There are also at least 8 among those disappeared whose prison term has already ended or is due to expire before the end of this year, and 7 others before 2020. The authorities should release them immediately.

The government also said the individuals in question had regular contact with their family members. Indeed, a small group of people previously disappeared have had family visits this year. But the families of more than a hundred others continue to have no contact and no information, including on whether their loved ones are dead or alive-- in some cases for 16 years. The government could dispel such concerns if it would, for example, tell the family of Batyr Berdyev, last seen in 2003, where he is and allow them to visit him. No amount of dialogue with UN and other mechanisms -- while welcome-- could possibly substitute for these simple steps.

We welcome recommendations to grant visits to UN Special Procedures without further delay, including to the Special Rapporteur on Torture and the Working Group on Enforced and Involuntary Disappearances. We will be closely watching that this happens as soon as possible.

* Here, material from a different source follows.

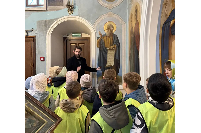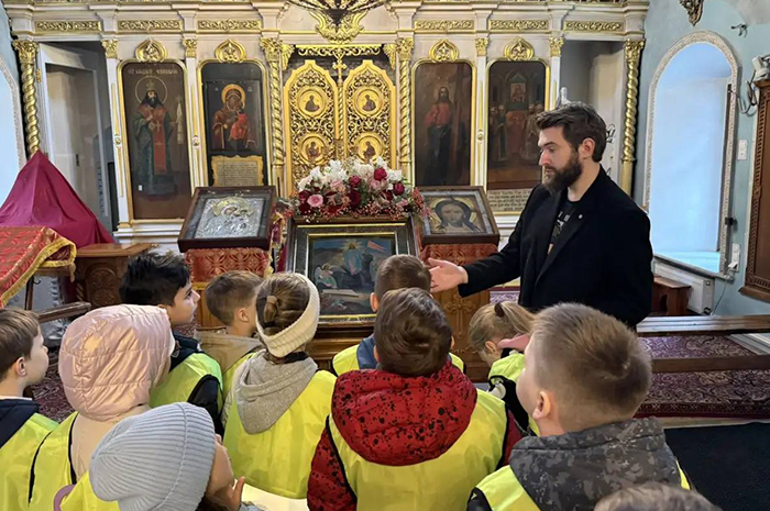 Во время экскурсии, которую провел директор воскресной школы прихода Сергеев Сергей Евгеньевич, ребята узнали о смысле и традициях Пасхи, почитаемых святынях и иконах храма, его небесных заступниках.

We regret the rejection of recommendation 116.54 regarding access to prisoners, including Ovadan-Depe and Seydi, for independent inspectors and other visitors consistent with their mandates and note that the government did not explain its rejection.

There is no media freedom in Turkmenistan, and the government often retaliates against people who express their views or report for foreign media outlets, and strictly controls information online and offline. It is therefore disappointing that the government rejected recommendations to end harassment of journalists and eliminate censorship. During its UPR, the delegation explained that Turkmen law guarantees freedom of expression and the media. If that is the case, the government should explain why reporter Soltan Achilova has been attacked so many times, why police threatened her relatives, and why so many web sites continue to be blocked.